Mr. Daniel Dugan, the Deputy Minister of Fisheries said this when he addressed a joint meeting between the Ghana National Canoe Carvers' Association (GNCA) and a section of fishermen.
The meeting was held to first find a lasting solution to a growing rumpus among the members of GNCA and also ease the tension brewing between some members of the GNCA and a section of fishermen in the country.
The paper learnt that allegations and counter allegations were mounting tension between the two bodies.
While some fishermen were accusing some canoe carvers of distortion by taking huge money from them with the aim of carving canoes but failing to deliver, some fishermen were also accused of reneging on payment for the canoes they purchased from some canoe carvers.
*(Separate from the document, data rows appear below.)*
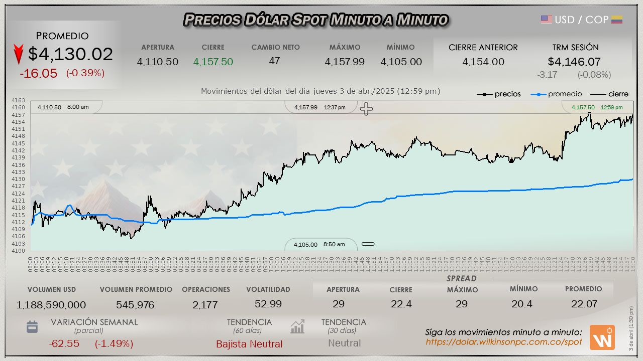 Resumen de las operaciones del mercado del dólar SPOT en Colombia correspondiente al jueves 3 de abril de 2025.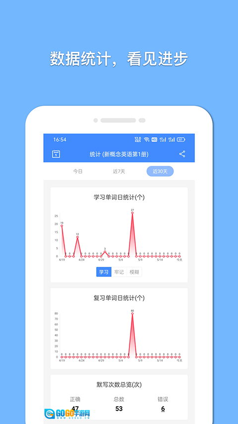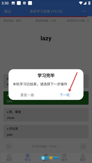 4、当完成本轮单词学习,页面会弹出“学习完毕”的提示框,点击“下一轮”,就能开启新一轮学习。
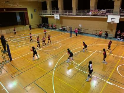 昼食後に3試合目、枚方中学校と試合です。この試合に勝つと16日に行われる準決勝トーナメントに出場できます。頑張れ!東中女子バレーボール部!

Following these claims and counter claims, the Ministry of Fishery's attention was drawn to the rumpus, which prompted it to bring the two bodies to a round table to find a lasting solution.
Addressing the group, Mr. Dugan observed that, due to the brouhaha, valuable trees that could have been carved into canoes to bring economic benefits to the country, were left to rot in the forests.
Still on the depletion of the forests, the minister warned that if steps were not taken to protect them, the consequences of the indiscriminately felling of trees would be unbearable to the present and generations yet to come.
We should be worried about the harm the wanton depletion of our forest is causing us," he said.
He therefore appealed to the members of the association to streamline their activities to make GNCA accountable to its stakeholders.
Mr. Dugan gave two weeks' ultimatum to the members of GNCA to settle whatever differences existed among the members and report the outcome to the ministry.
"We would not sit unconcerned for the personal differences or somebody's selfish aim to destroy the fishing industry," he said.
Both fishermen and canoe carvers depend on each other for survival, he reminded, and expressed the hope that the intervention of the ministry would bring an end to the mistrust that had engulfed the two groups.
He promised that the government would do everything possible to protect the interest of the fishermen and canoe carvers besides training the canoe carvers in the new technology used in manufacturing canoes in advanced countries, to meet the challenges ahead.
The minister warned both parties not to take members of their groups for granted and rather allow peace to prevail.
He noted that, nobody was above the law, so the association should put its house in order, for sanity to prevail in the fishing industry.
"We are ever ready to come to your aid whenever you call on us but all we are asking you is to put your house in order, to avoid a situation where the name of your association and its executives are brought into disrepute," he advised.